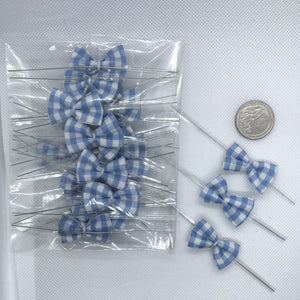25pcs Light Blue Gingham 3 mm x 2 mm Pre-Tied Ribbon Bows in wedding or birthday Party
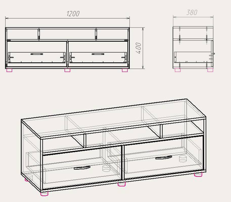 Зная габаритные размеры, создают чертежи и схемы будущей тумбочки. Удобнее всего их выполнять на миллиметровке. Для большей точности требуется три проекции: спереди, сверху, сбоку. Их вполне достаточно для отображения всех необходимых размеров. Если интересен угловой вид, то его легко будет построить путем пересечения линий с предыдущих ракурсов. Схемы дадут детальное представление о том, как сделать своими руками тумбу под телевизор
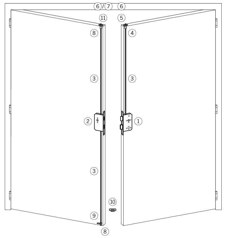Funkce: Pro dvoukřídlové dveře s panikovou funkcí. Aktivní křídlo je ovládáno standardním panikovým zámkem SSF FH 62 pomocí kliky nebo hrazdy. Pasivní křídlo je navíc vybaveno táhlem pro zajištění do horní části zárubně. Toto řešení se používá u dveří vyšších než 2100 mm.
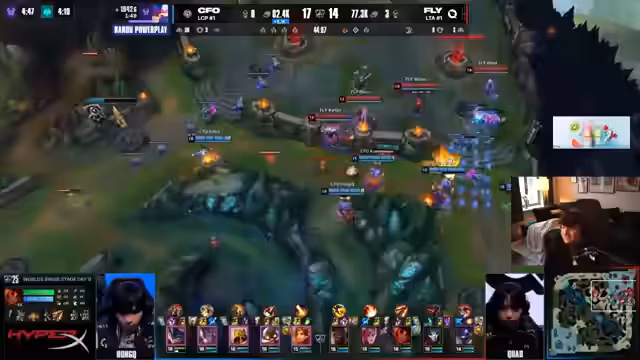 00:23:12Nach einer längeren Unterbrechung und technischen Problemen geht das Spiel weiter. Der Streamer analysiert das ingame-Geschehen, insbesondere die Positionierung und die Engagements der Teams. Er erwähnt den unglücklichen Lane-Swap von CFO, der sich negativ auf ihre Lage auswirkt. Obwohl FlyQuest einen scheinbaren Vorteil hat, führt CFO das Spiel spätspielerisch dank ihres starken Azir und Corki zum Sieg. Der Streamer kommentiert die individuellen Leistungen und hebt besonders Inspired von FlyQuest hervor, der ohne teamliche Unterstützung stark spielte.
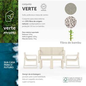O conjunto é fabricado com materiais, como polipropileno e fibra natural ou plástico reciclado. Esses materiais oferecem resistência às intempéries e durabilidade.
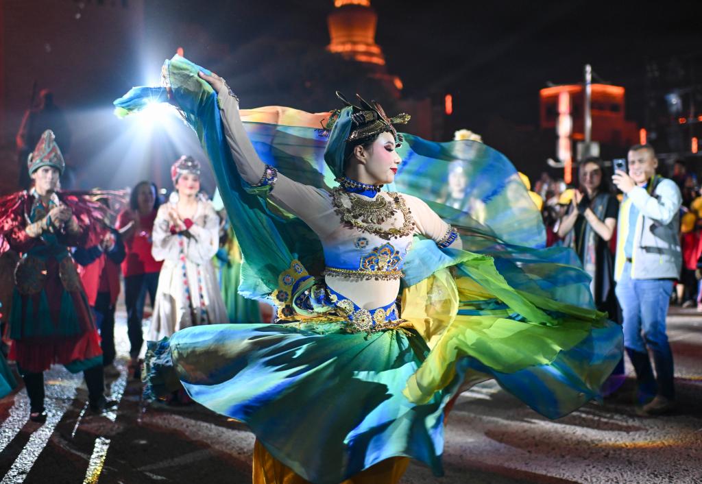 ↑2023年6月1日,在新疆和田地区约特干故城景区,2023年环塔拉力赛参赛代表参加旅游展示活动。新华社记者 胡虎虎 摄
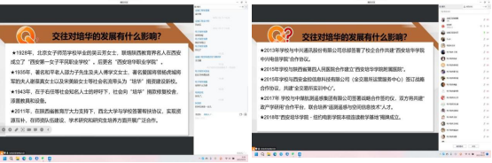黄蓉老师以线上讨论的形式,在“量变质变规律”内容中融入培华校史。通过给学生讲述培华发展经历的四个阶段,和办学过程中面临的挫折和困难,帮助学生更好理解质量互变规律,增强学生的爱校荣校情怀。
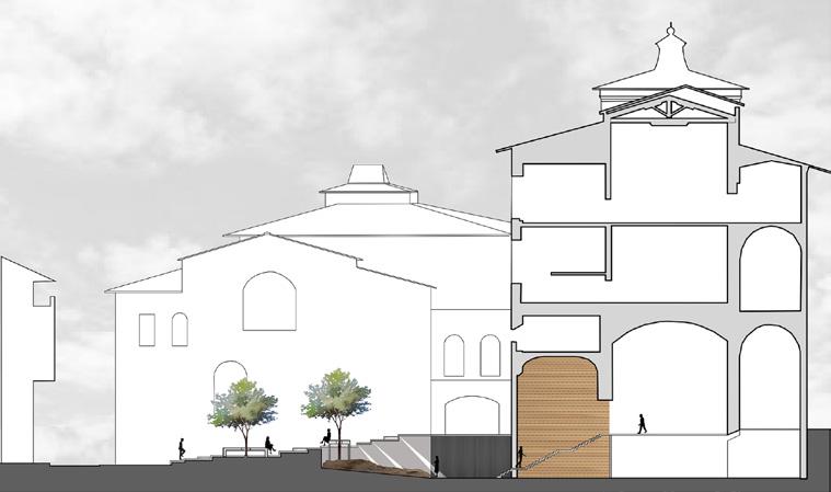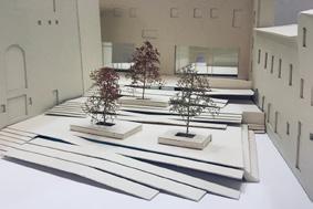 The purpose of my design “The Circuit”, is to create an outdoor gathering space, that doubles as a transition from the museum to ground level. Visitors can travel through time as they move through the modern additions, to the historical art pieces inside the galleries, then visit the ancient Roman ruins below the earth. By reusing some of Uffizi’s unique materials these new and modern additions should blend well with the original building even though it was built over 400 years ago. This design connects the exit level of the Uffizi Museum to the ground level of the Piazza del Grano through a system of ramps and stairs. In result a public gathering space is created, creating a new recognizable space to tourists, and finally gives the Uffizi Museum an exit it deserves that is just as memorable as the entrance.
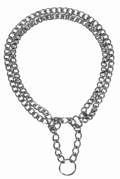 Trixie 2 soros kombinált króm fojtó nyakörv. Ideális kutyaiskolába és oktatási tevékenységekhez. A fojtó nyakörv a "húzós" kutyákra lett kifejlesztve, ami helyes használat mellett nem a kutya "megfojtását" szolgálja, hanem a gyors, rövid pórázrántásokkal korrigálni tudjuk a kutyát, amikor rohan vagy húz. Ha rendesen jön mellettünk lazul a nyakörv, ha elkezd húzni, va
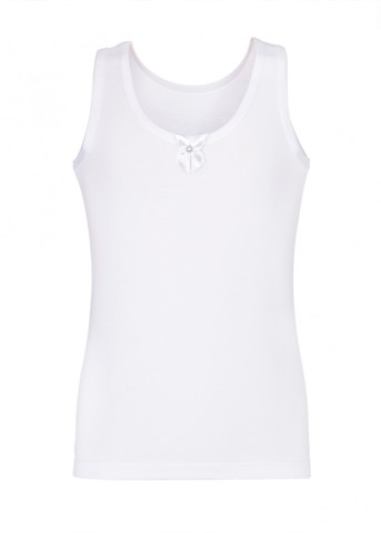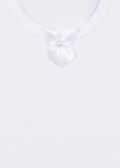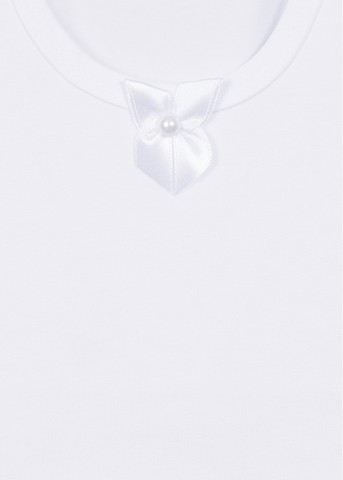 Майка из высококачественного полотна Компакт пенье спереди украшена бантом из атласной ленты с полужемчужиной. Рекомендовано стирать при 40 градусах без применения хлорсодержащих средств.
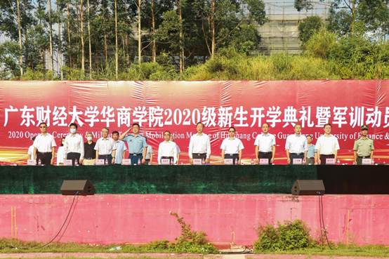 本网讯:太阳成tyc9728集团2020级新生参加校开学典礼暨军训动员大会。2020年9月21日,我校在西区操场成功召开了2020级新生开学典礼暨军训动员大会。我院2020级全体新生参加了本次大会。华商教育集团董事长廖榕就博士、广东财经大学邹新月副校长、华商学院执行校长郭银华教授、党委苏宁书记,增城武装部童胜熊中校、2020级新生军训团梁文财团长、华商学院副校长王列耀教授、华商学院副校长张捷教授、华商学院副校长陈美华、钟森文、王力东以及军训团领导小组成员、各二级院系的学工负责人及相关职能部门负责人出席本次会议。本次大会由副校长王锦绣主持。
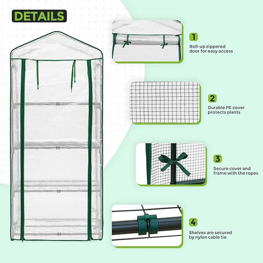 EAGLE PEAK Mini Greenhouse with Wire Shelves, Portable Indoor & Outdoor Green House with Roll-Up Zipper Door, 4 Tier, 31.5”x17.7”x63.0”, Green PE Cover
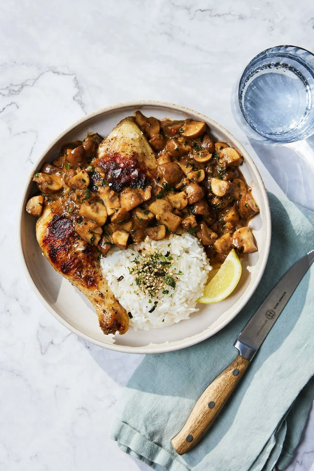 - Plate: Serve chicken with a mound of rice. Spoon mushroom sauce over top. Garnish with lemon, scallions, and furikake if desired.

▶ Task to complete
What you return must match, character for character, the lines above from the one with "黄蓉老师以线上讨论的形式,在" through the one with "本网讯:太阳成tyc9728", minus any pictures.

▶ Exercise answer
黄蓉老师以线上讨论的形式,在“量变质变规律”内容中融入培华校史。通过给学生讲述培华发展经历的四个阶段,和办学过程中面临的挫折和困难,帮助学生更好理解质量互变规律,增强学生的爱校荣校情怀。
 The purpose of my design “The Circuit”, is to create an outdoor gathering space, that doubles as a transition from the museum to ground level. Visitors can travel through time as they move through the modern additions, to the historical art pieces inside the galleries, then visit the ancient Roman ruins below the earth. By reusing some of Uffizi’s unique materials these new and modern additions should blend well with the original building even though it was built over 400 years ago. This design connects the exit level of the Uffizi Museum to the ground level of the Piazza del Grano through a system of ramps and stairs. In result a public gathering space is created, creating a new recognizable space to tourists, and finally gives the Uffizi Museum an exit it deserves that is just as memorable as the entrance.
 Trixie 2 soros kombinált króm fojtó nyakörv. Ideális kutyaiskolába és oktatási tevékenységekhez. A fojtó nyakörv a "húzós" kutyákra lett kifejlesztve, ami helyes használat mellett nem a kutya "megfojtását" szolgálja, hanem a gyors, rövid pórázrántásokkal korrigálni tudjuk a kutyát, amikor rohan vagy húz. Ha rendesen jön mellettünk lazul a nyakörv, ha elkezd húzni, va
 Майка из высококачественного полотна Компакт пенье спереди украшена бантом из атласной ленты с полужемчужиной. Рекомендовано стирать при 40 градусах без применения хлорсодержащих средств.
 本网讯:太阳成tyc9728集团2020级新生参加校开学典礼暨军训动员大会。2020年9月21日,我校在西区操场成功召开了2020级新生开学典礼暨军训动员大会。我院2020级全体新生参加了本次大会。华商教育集团董事长廖榕就博士、广东财经大学邹新月副校长、华商学院执行校长郭银华教授、党委苏宁书记,增城武装部童胜熊中校、2020级新生军训团梁文财团长、华商学院副校长王列耀教授、华商学院副校长张捷教授、华商学院副校长陈美华、钟森文、王力东以及军训团领导小组成员、各二级院系的学工负责人及相关职能部门负责人出席本次会议。本次大会由副校长王锦绣主持。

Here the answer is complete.